__Source data__:

<<<<

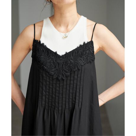 前後のピンタックとケミカルレースがアクセントのキャミソールワンピース。
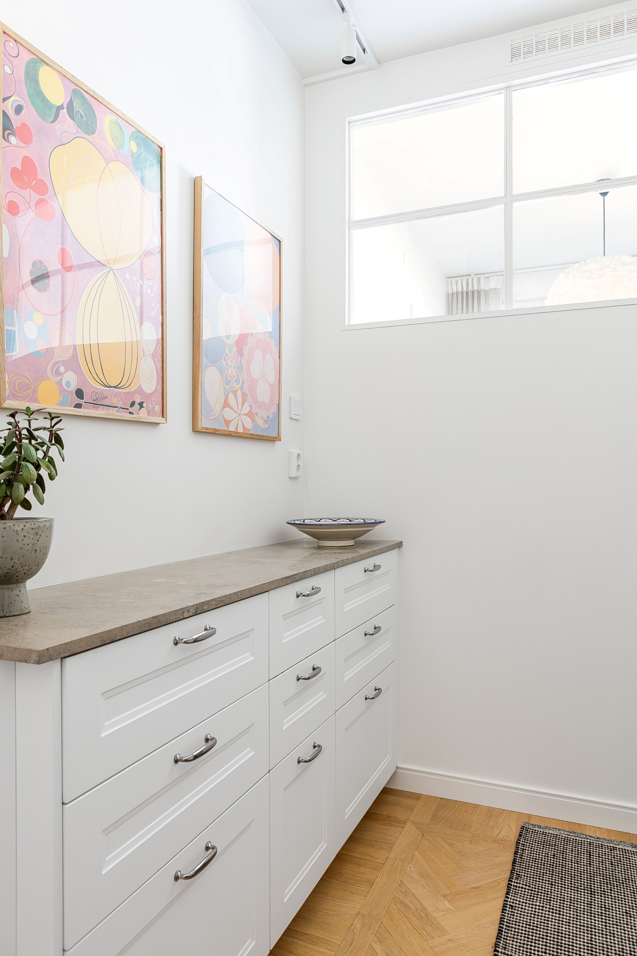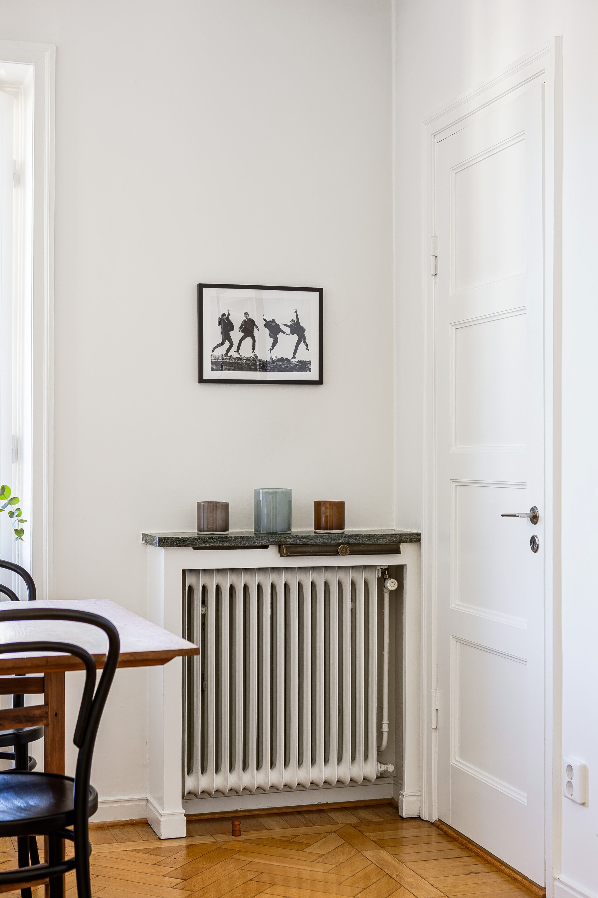 Bostaden kombinerar modern komfort med tidlös elegans. Fiskbensparkett, generös takhöjd och stora fönsterpartier ger ett fantastiskt ljusinsläpp härlig genomgående rymd i hela bostaden.
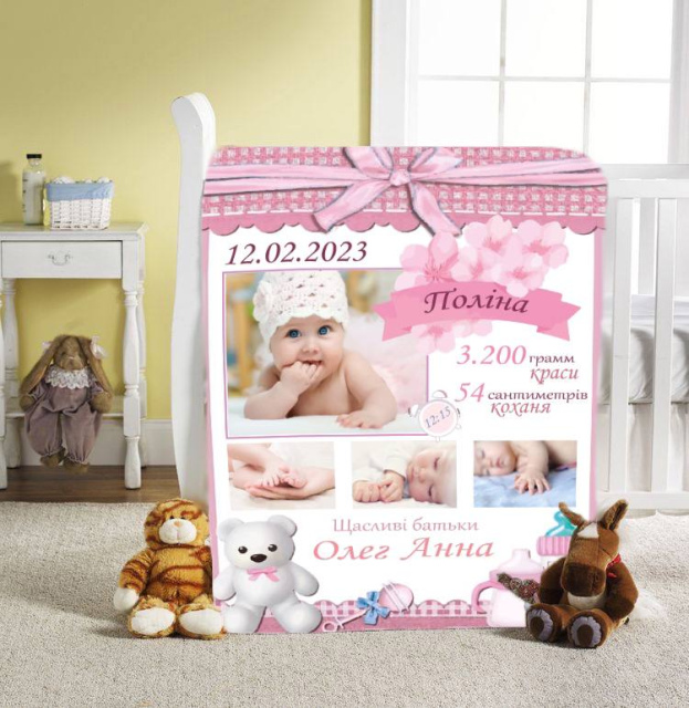 Плед 3D с пожеланиями метрика с яркой печатью станет отличным подарком близкому человеку, порадует взгляд и согреет прохладными вечерами. Теплый, мягкий и очень приятный на ощупь, яркий подарочный плед с индивидуальным изображением согреет не только тело, но и душу.
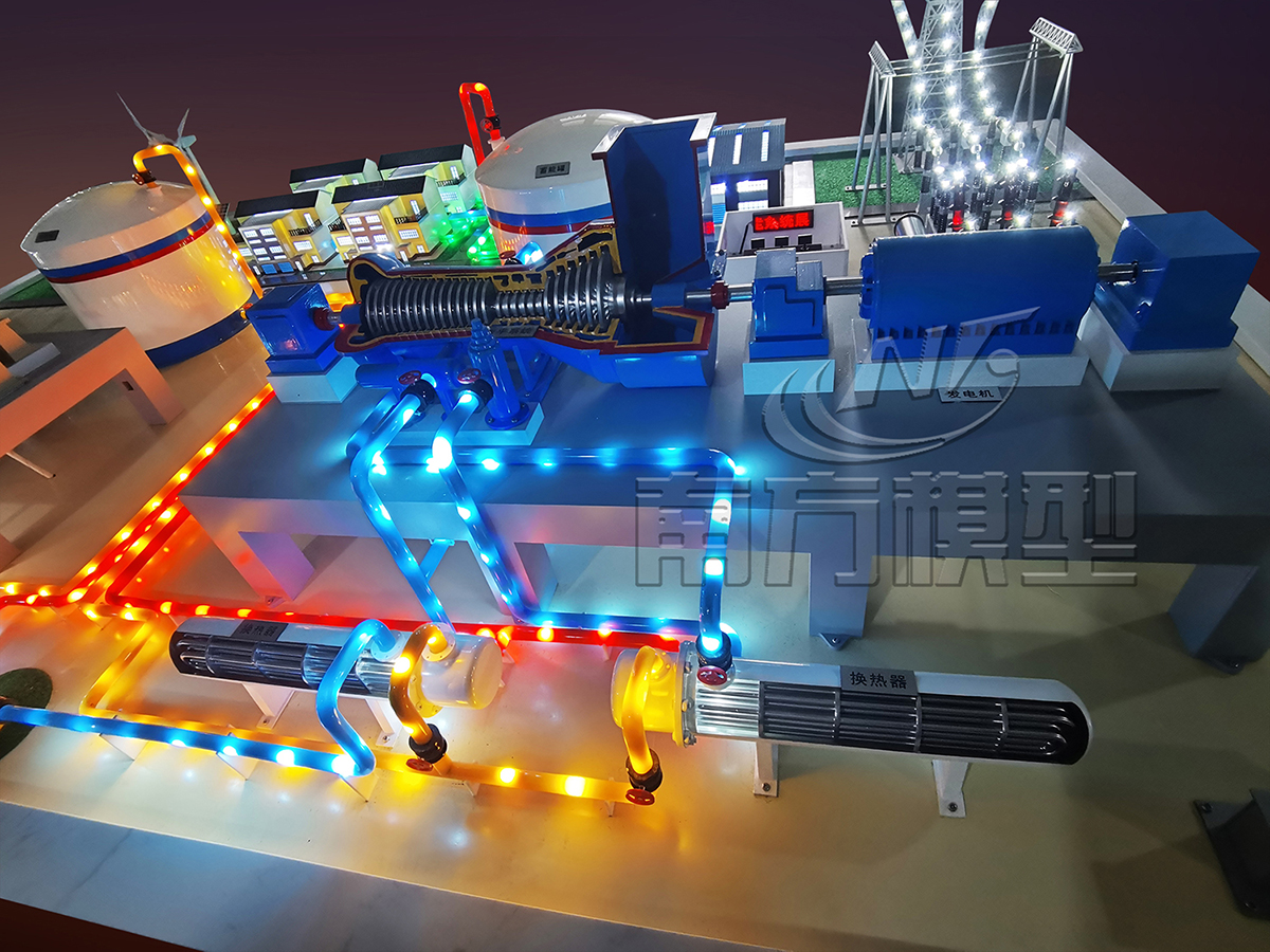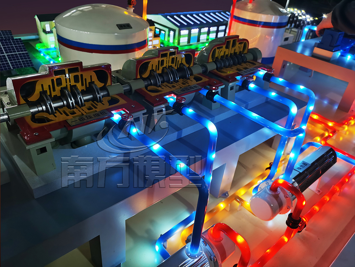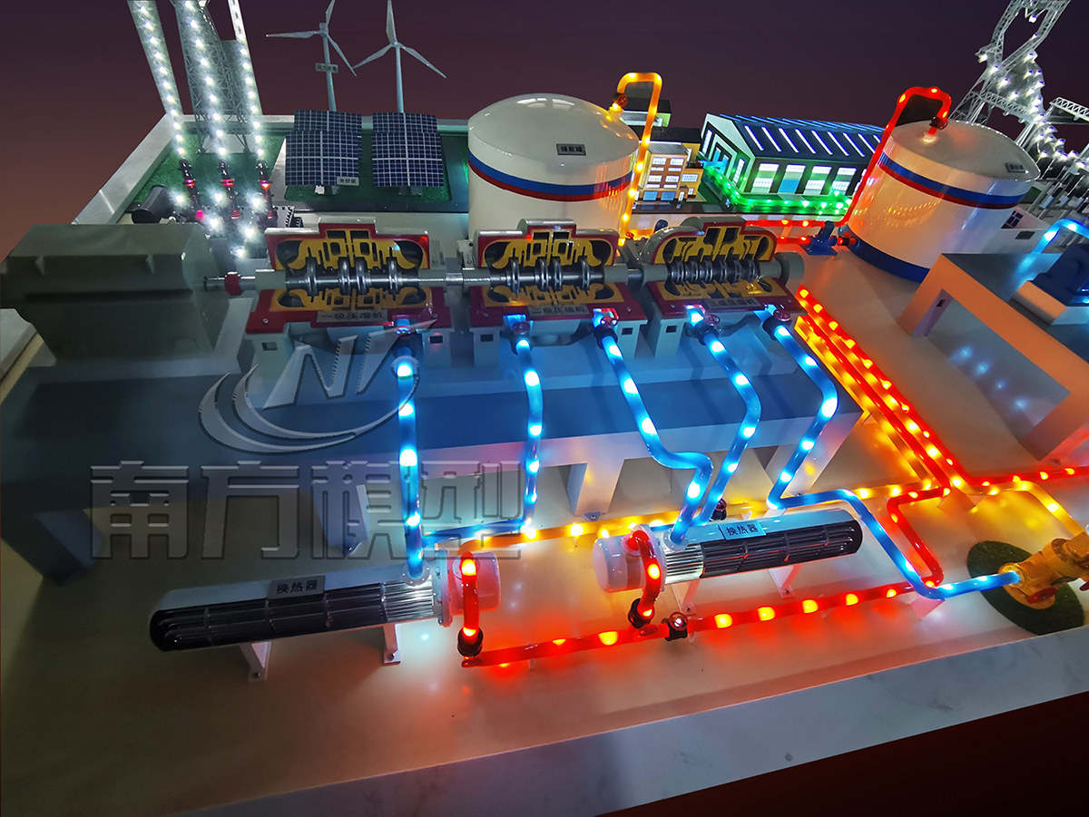 壓縮空氣儲(chǔ)能電站模型制作內(nèi)容: 儲(chǔ)能電站模型展示內(nèi)容按照儲(chǔ)能電站實(shí)際尺寸等比例微縮仿真制作,展示內(nèi)容包括壓縮空氣儲(chǔ)能車間、儲(chǔ)能容器、輸電線路、變電站、壓縮機(jī)、換熱器、透平系統(tǒng)等。該模型利用LED光電技術(shù)仿真模擬流質(zhì)與氣體運(yùn)行方向以及做功方式,其中透平系統(tǒng)、壓縮機(jī)、換熱器、儲(chǔ)熱容器等主要系統(tǒng)部件做¼剖視,詳細(xì)展示內(nèi)部結(jié)構(gòu)構(gòu)造與設(shè)備部件。透平系統(tǒng)與壓縮機(jī)仿真旋轉(zhuǎn)作模擬演示,設(shè)備主體噴涂汽車烤漆,色彩亮麗并具備工業(yè)質(zhì)感,適于長(zhǎng)期展示。

>>>>

__Exercise brief__: Return exactly the lines running from the line with "Плед 3D с пожеланиями" through the final line of the listing. Leave the pictures out.

__Written response__:
 Плед 3D с пожеланиями метрика с яркой печатью станет отличным подарком близкому человеку, порадует взгляд и согреет прохладными вечерами. Теплый, мягкий и очень приятный на ощупь, яркий подарочный плед с индивидуальным изображением согреет не только тело, но и душу.
 壓縮空氣儲(chǔ)能電站模型制作內(nèi)容: 儲(chǔ)能電站模型展示內(nèi)容按照儲(chǔ)能電站實(shí)際尺寸等比例微縮仿真制作,展示內(nèi)容包括壓縮空氣儲(chǔ)能車間、儲(chǔ)能容器、輸電線路、變電站、壓縮機(jī)、換熱器、透平系統(tǒng)等。該模型利用LED光電技術(shù)仿真模擬流質(zhì)與氣體運(yùn)行方向以及做功方式,其中透平系統(tǒng)、壓縮機(jī)、換熱器、儲(chǔ)熱容器等主要系統(tǒng)部件做¼剖視,詳細(xì)展示內(nèi)部結(jié)構(gòu)構(gòu)造與設(shè)備部件。透平系統(tǒng)與壓縮機(jī)仿真旋轉(zhuǎn)作模擬演示,設(shè)備主體噴涂汽車烤漆,色彩亮麗并具備工業(yè)質(zhì)感,適于長(zhǎng)期展示。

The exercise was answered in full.